23.04.2013, 21:26  von Wolfgang Tucek, Brüssel

EU-Attacke auf das Schweizer Bankgeheimnis

Steuer-CD / Bild: epa/dpa/Henning Kaiser

Dynamik. Nach einem Einlenken Österreichs will sich die EU-Kommission die Schweiz vornehmen.

Brüssel. Den Rückenwind der jüngsten Ereignisse in der EU, der OECD und den G20 will EU-Steuerkommissar Algirdas Semeta nutzen. Schon nach dem nächsten EU-Finanzministertreffen am 14. Mai peilt er offenbar den automatischen Austausch von Informationen über ausländische Konteninhaber mit der Schweiz und anderen europäischen Nicht-EU-Staaten an.

Denn bis dahin erwarte er eine Entscheidung der österreichischen Regierung über deren Bankgeheiminis für Ausländer, erklärte der Litauer am Dienstag. Es gebe nach dem Schwenk Luxemburgs zum automatischen Info-Austausch ab 2015 eine „starken politischen Druck" auf Wien. „Ich hoffe, Österreich kann (Luxemburg) folgen", sagte Semeta.

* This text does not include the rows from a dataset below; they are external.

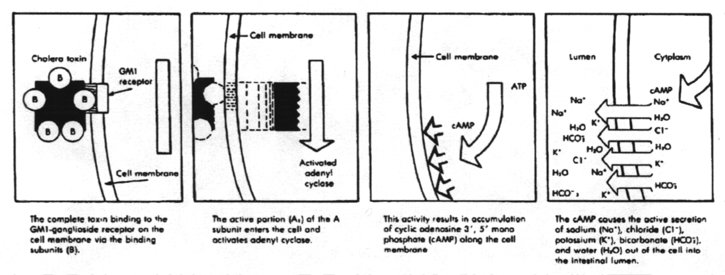 A1 서브유닛은 니코틴아미드 아데닌 디뉴클레오티드(NAD)를 분해하여 ADP 리보스를 G 단백질의 일종인 Gs 단백질에 결합시킨다. ADP 리보실화된 Gs 단백질은 GTP 분해가 억제되어 항상 활성화된 상태가 되고, 아데닐산 사이클레이스를 계속 활성화시켜 세포 내 사이클릭 AMP(cAMP) 농도를 상승시킨다. cAMP 농도 상승은 이온 채널을 열어 세포 내에서 물과 전해질이 계속 누출되게 한다. 이로 인해 쌀뜨물 같은 흰색 수양성 설사를 일으키고 탈수 증상과 전해질 대사 이상에 의한 산증을 일으킨다.[62][66]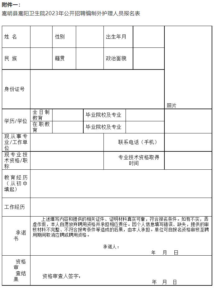 十、紀律要求1.報考人員填寫或提交個人資料要做到全面、真實、準確、有效,不得隱瞞真實情況、弄虛作假。對違反公開招聘紀律或不具備應(yīng)聘資格、弄虛作假、隱瞞真實情況的報考人員,取消其考試或聘用資格。2.報名后,報考人員應(yīng)注意及時了解招聘工作進程和有關(guān)事項的通知,并保持聯(lián)系電話暢通。若因報考人員不及時查看公告或聯(lián)系電話不暢通而造成的后果,由報考人員本人負責。3.招聘單位負責人和相關(guān)人員與應(yīng)試人員中有夫妻關(guān)系、直系血親關(guān)系、三代以內(nèi)旁系血親或者近姻親關(guān)系可能影響招聘公正的,應(yīng)當回避。4.本次招考活動各環(huán)節(jié)接受紀檢監(jiān)察部門、主管局及社會各界監(jiān)督。5.監(jiān)督電話:嵩明縣人力資源和社會保障局:0871-67913783縣衛(wèi)生健康局:0871—67911779十一、其他1.本方案由醫(yī)院負責解釋。聯(lián)系人:楊老師聯(lián)系電話:0871-679230002.附件:《嵩明縣嵩陽衛(wèi)生院2023年公開招聘編制外人員報名表》。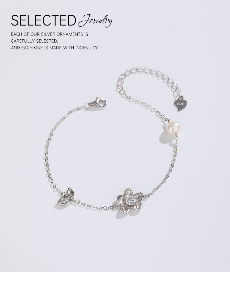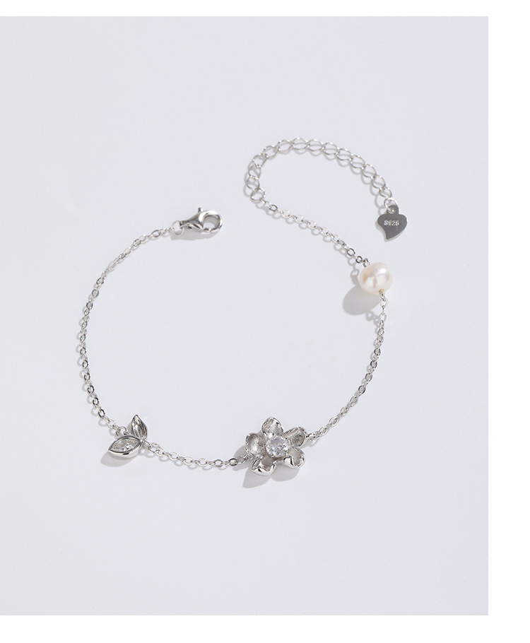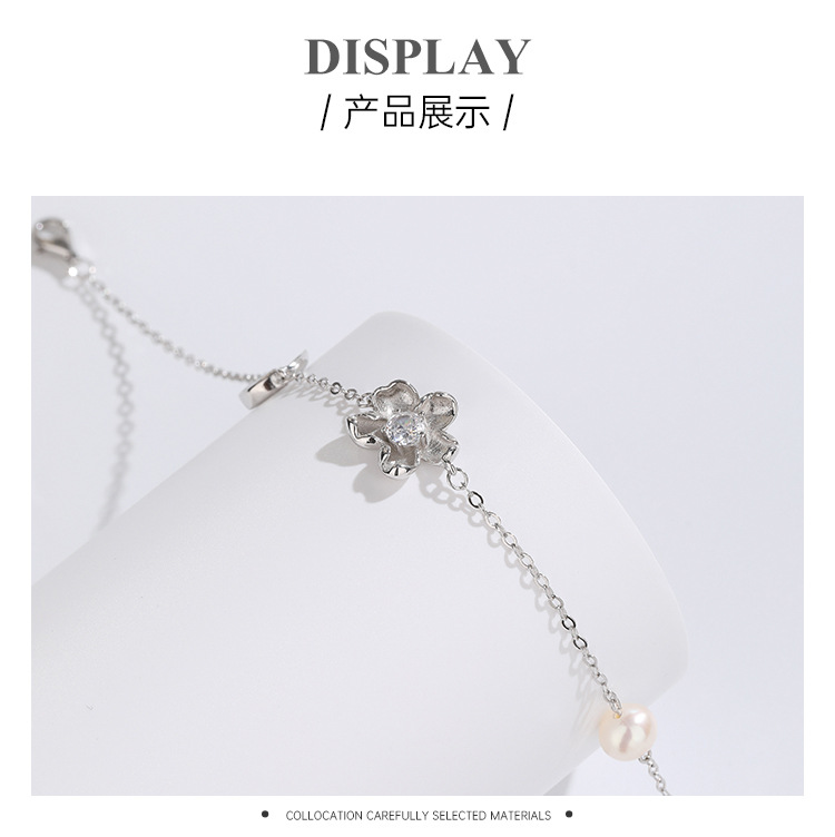 925 de plata esterlina perla de agua dulce flor pulsera mujer nicho diseño estilo coreano alto sentido pulsera novia regalo

Konkret geht es vorerst um die Ausweitung der EU-Zinsbesteuerungsregeln auf andere Kapitalerträge als Zinsen sowie die Freigabe von Verhandlungsmandaten für die stärkere Einbindung der Schweiz, Liechtensteins, Monacos, Andorras und San Marinos. Beides blockierten Österreich und Luxemburg seit Jahren, weil sie fürchteten, dass die neuen Abkommen ihre Bankgeheimnisse für Ausländer aushebeln könnten.

Berechtigte Sorgen

Dass diese Sorgen berechtigt waren, ließ Semeta jetzt durchblicken. Denn auf die Frage, ob er den automatischen Info-Austausch mit der Schweiz anstrebe, sagte er: „Die Mandatsentwürfe sind dafür flexibel genug. Darin gibt es ausdrücklich einen Satz, der sich auf die internationalen Entwicklungen in diesem Bereich bezieht." Und „die Kommission will ein möglichst ambitioniertes Abkommen erzielen."

Ein kurzer Blick auf die internationalen Entwicklungen, auf die sich Semeta bezieht: Alle europäischen Staaten müssen den USA wegen deren Fatca (Foreign Account Tax Compliance Act) über kurz oder lang de facto automatisch Daten über Konten von US-Steuerpflichtigen liefern. Die OECD arbeitet einem neuen globalen Standard, der den automatischen Info-Austausch als Grundregel vorsehen soll. Die G20-Finanzminister unterstützen dieses Vorhaben. Nach Luxemburgs Einlenken ist Österreich der einzige EU-Staat der noch an der Quellensteuer zu Gunsten der Herkunftsländer der Konteninhaber statt dem Info-Austausch festhält.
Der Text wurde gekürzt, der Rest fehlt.